#### Task:
Span requested from the data below: the line with "This jumpsuit features" through the line with "11,1 | 3,2 | 8,0 | |", both included. Give only these lines again, exactly, and leave every picture out.

#### Dataset content:
------------------------------
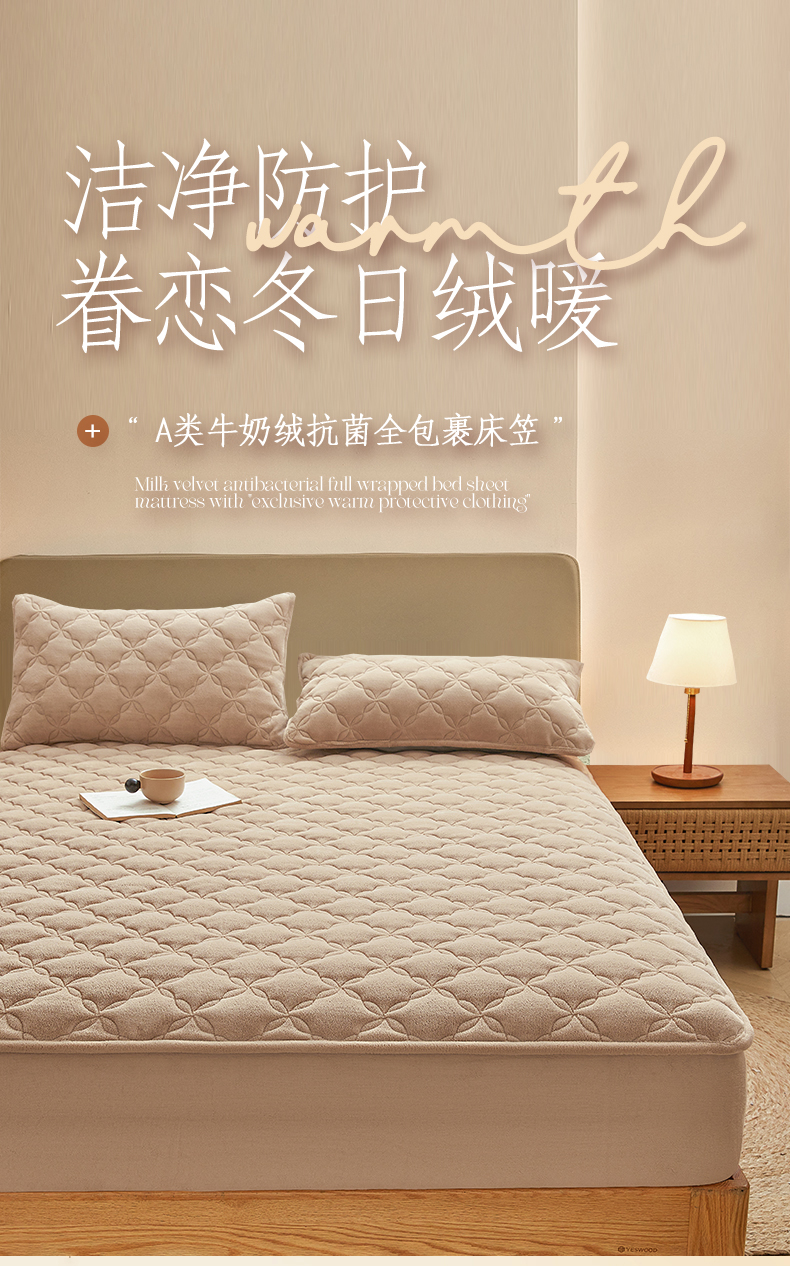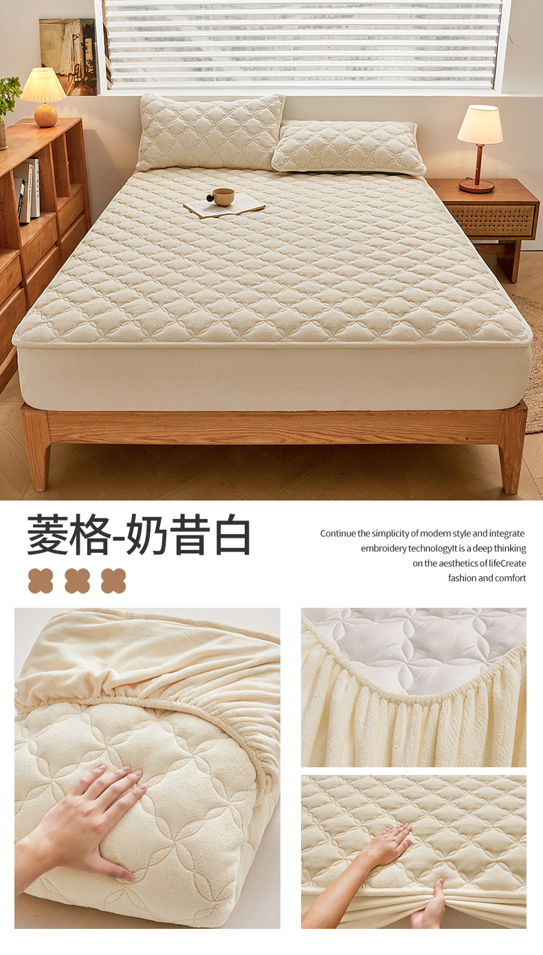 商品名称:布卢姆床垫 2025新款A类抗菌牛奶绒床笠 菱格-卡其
------------------------------
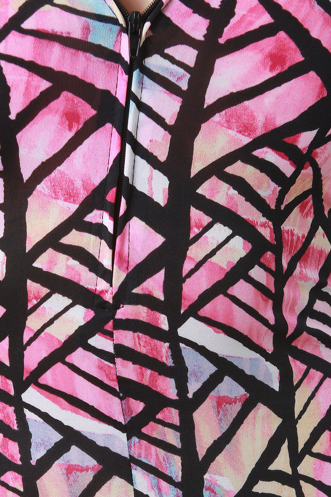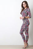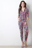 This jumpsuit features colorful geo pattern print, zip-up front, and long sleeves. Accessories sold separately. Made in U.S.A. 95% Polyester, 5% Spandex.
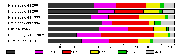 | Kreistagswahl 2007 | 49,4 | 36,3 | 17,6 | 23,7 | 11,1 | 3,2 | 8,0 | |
------------------------------
#### Task response:
 This jumpsuit features colorful geo pattern print, zip-up front, and long sleeves. Accessories sold separately. Made in U.S.A. 95% Polyester, 5% Spandex.
 | Kreistagswahl 2007 | 49,4 | 36,3 | 17,6 | 23,7 | 11,1 | 3,2 | 8,0 | |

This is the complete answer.